Cluster
This module contains functions to working with databricks clusters.
cluster_name_exists
cluster_name_exists(name: str)-> bool
Parameter | Description |
---|---|
name |
Name of the cluster. Note that more than one cluster with the same name can exist within a given databricks workspace since they are uniquely identified by the cluster_id and not their name. |
A predicate function that can be used to check if a cluster with a given name already exists.
cluster_get_by_name
cluster_get_by_name(name: str)-> list
Parameter | Description |
---|---|
name |
Name of the cluster.

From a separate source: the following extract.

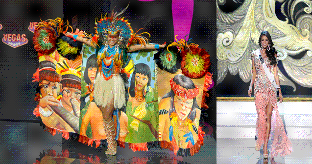 I do love some fringe. The judges must have too because here is 1st Runner Up, Miss Spain. I’ll tell you right here and now, once Miss USA was out of the running, Miss Spain was my pick of the pack–but I knew she wouldn’t win. She was too sweet looking to win–didn’t have enough edge to her. I thought she had the prettiest, brightest smile, and she was poised and graceful without looking haughty. And also, fringe! I just loved her National Costume.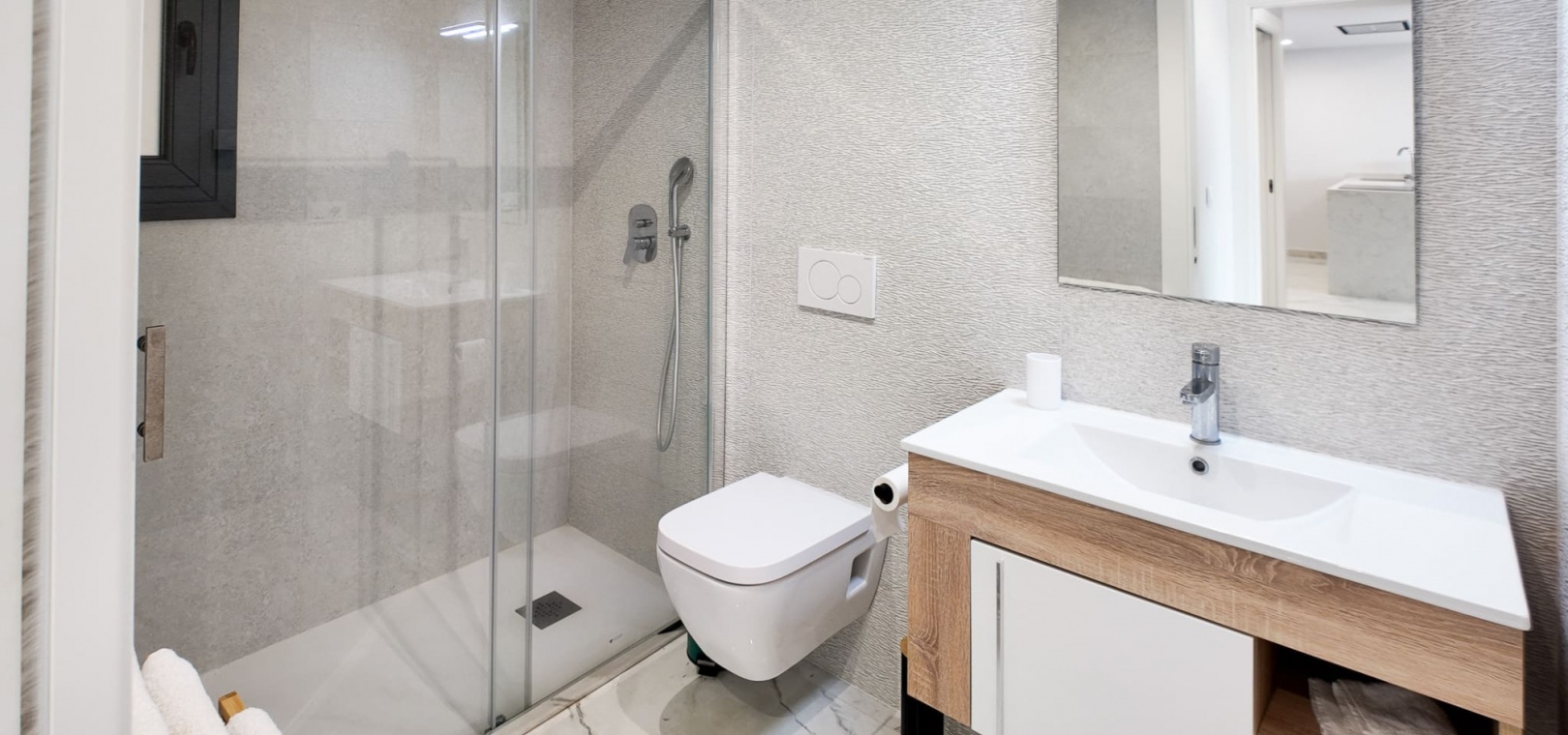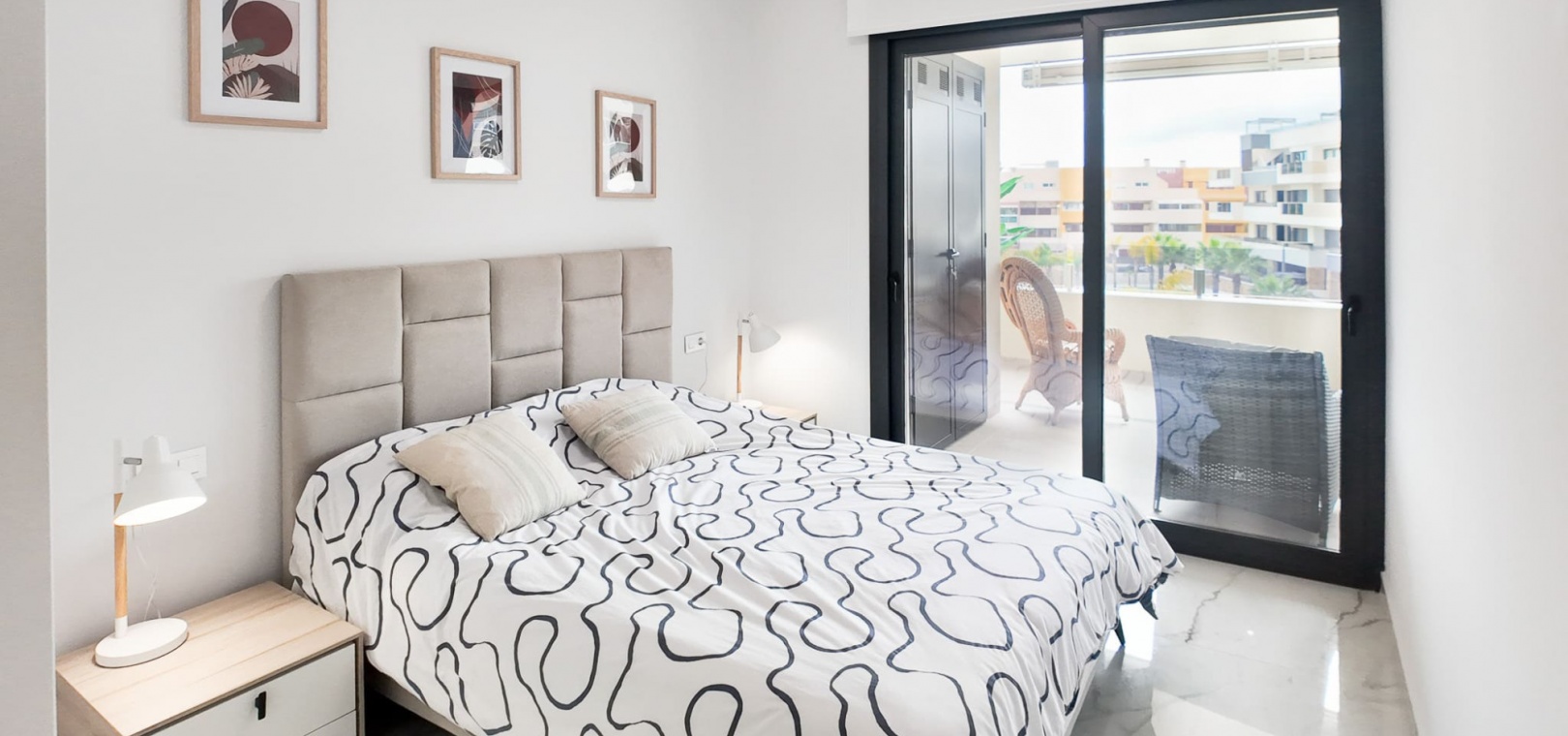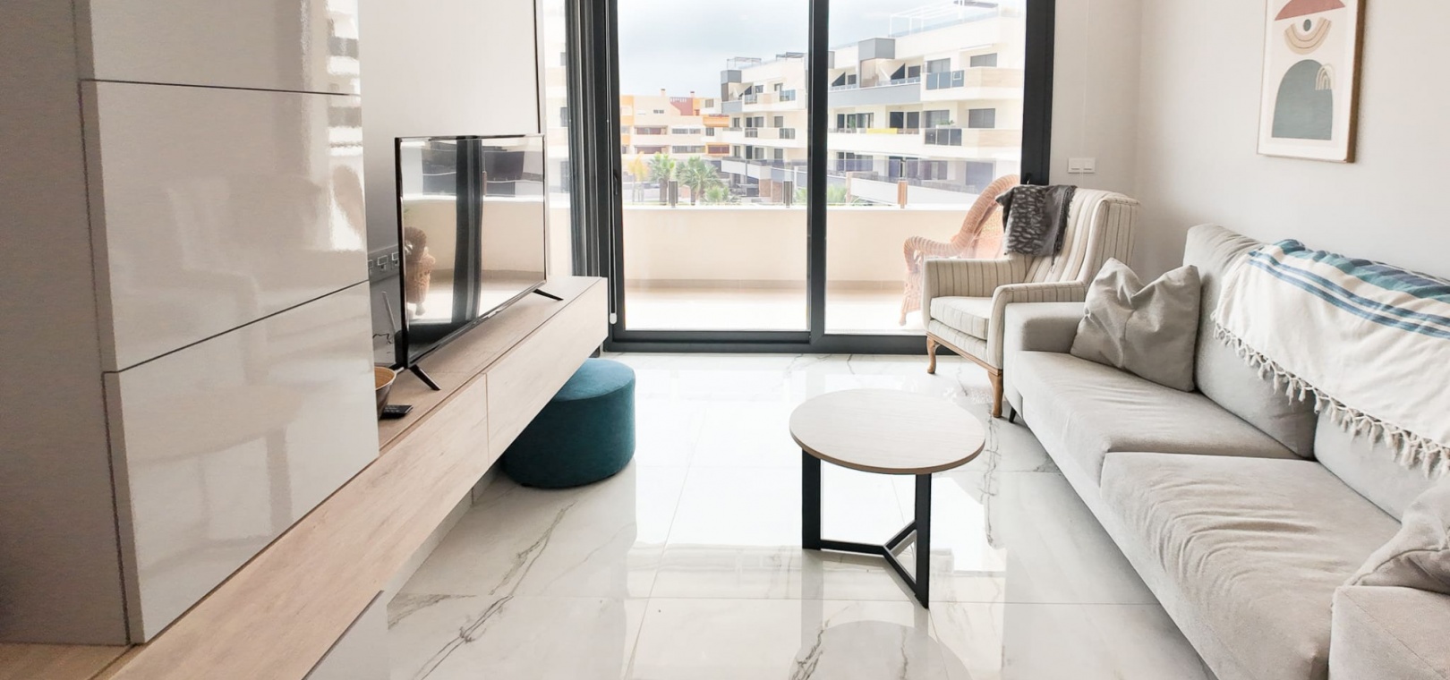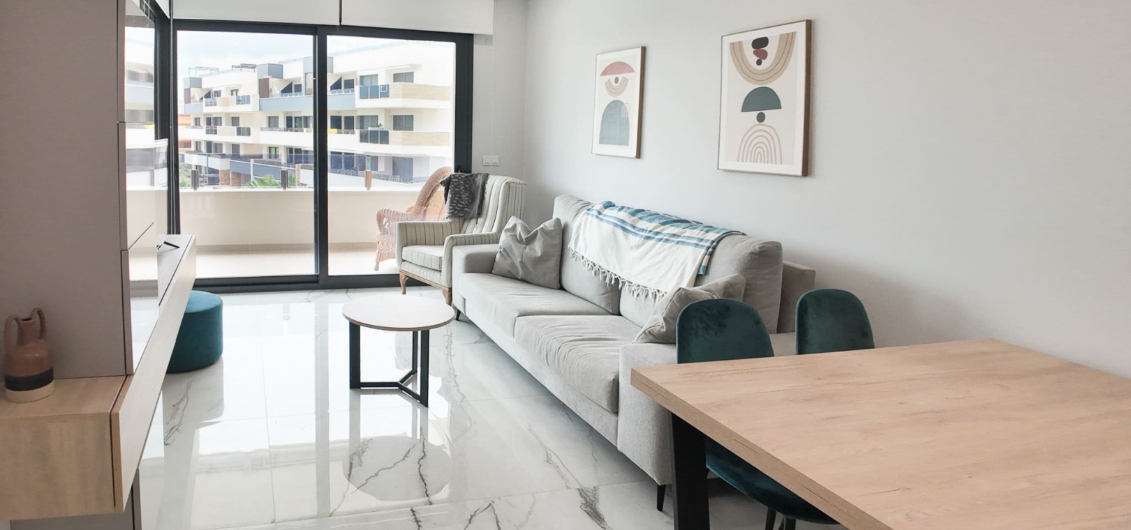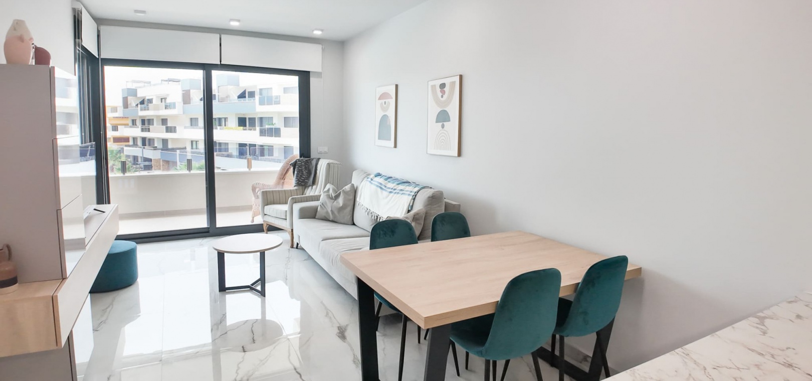 Vardagsrum/matsal, öppet kök med fullt utrustat kök, 2 dubbelrum, det största sovrummet har eget duschrum, 1 gästduschrum, balkong med utsikt över den gemensamma poolen och ner mot havet, gemensam jacuzzi, bastu, gym, lekplats, underjordisk parkeringsplats och förråd, ultramodern design, byggmaterial av högsta klass och mycket mer.

Note that more than one cluster with the same name can exist within a given databricks workspace since they are uniquely identified by the cluster_id and not their name. |
Returns a list of cluster details that have a matching name. Note that more than one cluster with the same name can exist with a given databricks workspace since they are uniquely identified by the cluster_id and not their name. The function response therefore returns a list of cluster objects. The response dictionary for a cluster object can be seen in the API documentation
cluster_action
cluster_action(
cluster_id: str,
cluster_action: ClusterAction
) -> dict
Executes a cluster action for given cluster using the cluster_id
. The ClusterAction
can be imported from the cluster
module. The function is an asynchonous call and will not wait for the operation to complete. Note that a cluster must be unpinned before it can be deleted.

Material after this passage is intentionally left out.